More Great Natural Remedies for Menopause

Disclaimer: Results are not guaranteed*** and may vary from person to person***.

This is the second part of my look at natural options for treating menopausal symptoms. In the first, I honed in on the herb black cohosh, which has positive effects. Now I move on to the second tier of options, starting first with soy and isoflavones.

Soy supplements and foods are the second most-studied natural relief for menopause. They contain high amounts of phytoestrogen — namely, isoflavones, lignans and coumestans. Unlike black cohosh, soy and isoflavones have shown mixed results in studies. In a recent review of about 30 studies, the authors concluded that there was no evidence to prove that soy could reduce symptoms.

Still, five clinical trials used red clover and soy in early postmenopause — and managed to significantly reduce of hot flashes. Here are the numbers:

1998: Soy decreased hot flushes by five per day compared to placebo’s 3.4.

2000: Soy reduced hot flushes by 28% (placebo: 20%).

2002: Soy reduced hot flushes by 6.4 a day (placebo: 2.2).

2002: Soy lowered scores on the Kupperman index by 19.7.

2002: Red clover reduced hot flushes by 3.4 a day (placebo: 0.6).

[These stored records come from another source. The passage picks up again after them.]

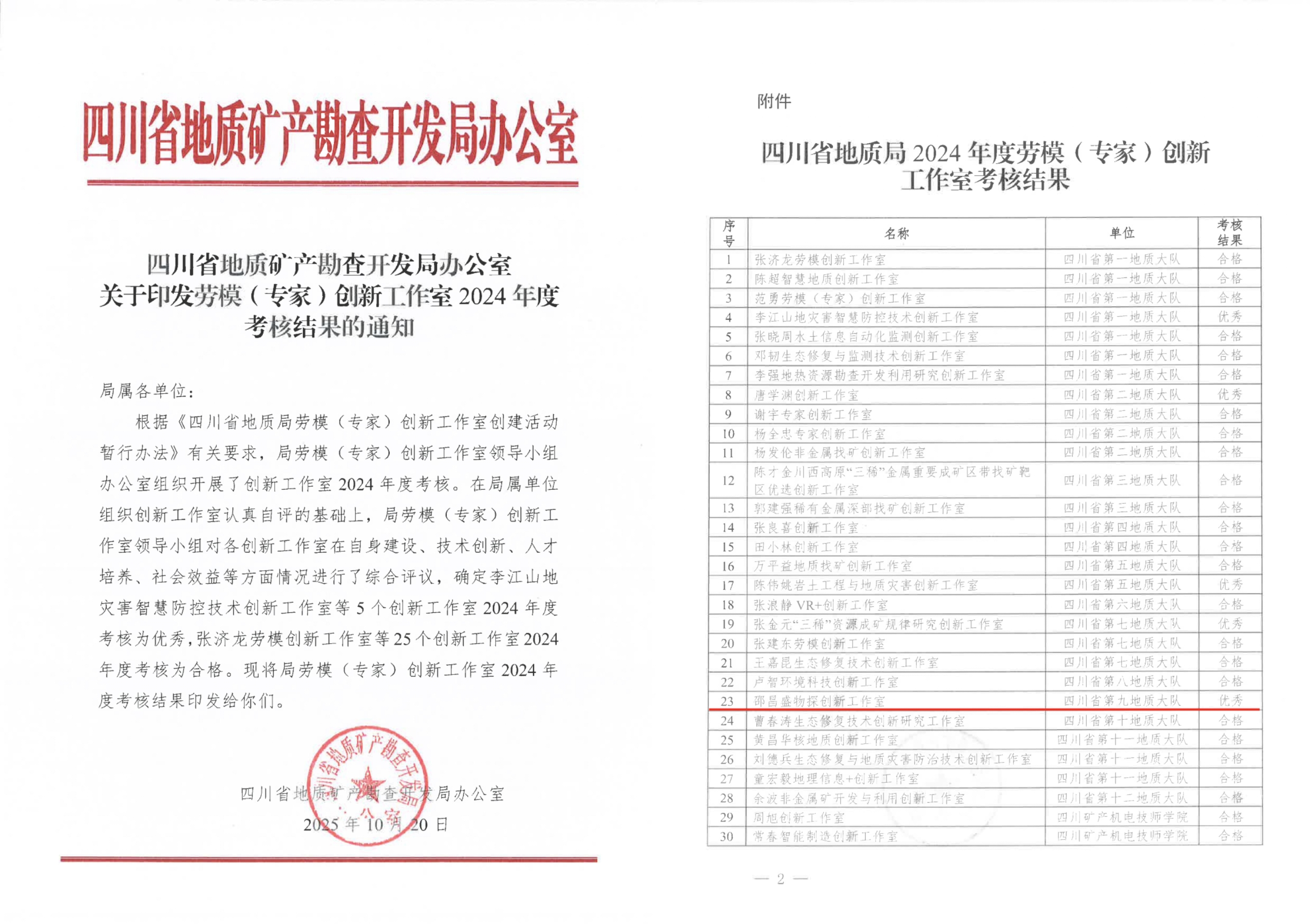 在创新平台搭建方面,大队精准对接四川省地质矿产勘查开发局关于劳模(专家)创新工作室建设的要求,积极组织开展申报培育工作。其中,祁亮时空信息创新工作室凭借明确的创新方向、扎实的团队基础和清晰的发展规划,成功通过局属单位申报推荐、资格审核、现场考察等多环节评审,被命名为第四批局劳模(专家)创新工作室。该工作室的获批,将进一步整合大队时空信息领域创新资源,聚焦相关技术攻关与人才培养,为地质工作数字化、智能化转型提供有力支撑。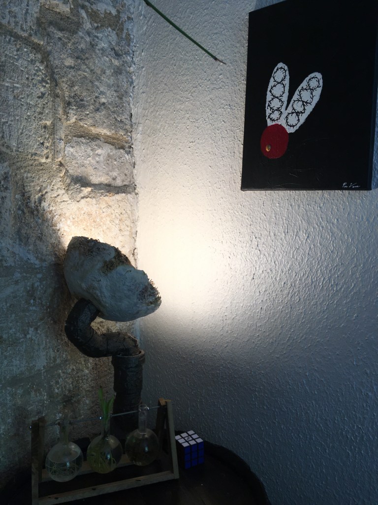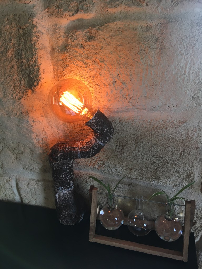 A couple years ago, Gwenn and I made a lamp out of random PVC pieces, some concrete, and paint.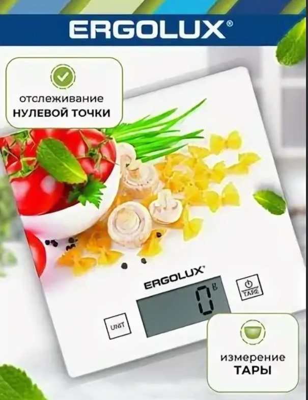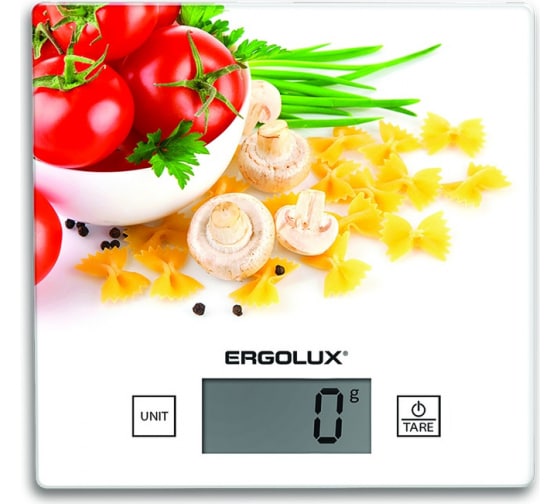 Кухонные весы ERGOLUX ELX-SK01-С36 паста, томаты и грибы, до 5 кг, 150х150 мм 14360 используются для определения веса сухих, жидких и сыпучих продуктов. Точность измерения - 1 грамм.

Now for the others. Here is the rest of a cast and crew that may help, but that are not supported by strong evidence just yet.

— Evening primrose oil: In one study involving 56 postmenopausal women with symptoms, evening primrose oil was shown to be less effective than placebo.

— Dong quai: This Chinese medicine is often used for hot flushes. There is conflicting information as to its effectiveness in relieving menopausal symptoms. There is also some concern that its estrogen effects could raise the cancer risk.

— Wild yam: Wild yam cream was studied in 23 symptomatic postmenopausal women against placebo. There were no differences between the cream and placebo for hot flushes or night sweats.

— Panax ginseng: Preliminary evidence says ginseng might be useful in relieving depressive symptoms, insomnia or fatigue in menopause. However, there is no evidence that it helps hot flushes.

— DHEA: Conflicting evidence exists here and, due to the estrogen-cancer question, it’s best to avoid DHEA.

Here is my bottom line. Black cohosh is the best dietary supplement for relieving menopausal symptoms. Soy and isoflavones are only effective in a selective group of early postmenopausal women with mild-to-moderate symptoms. Always tell your doctor about what you are taking.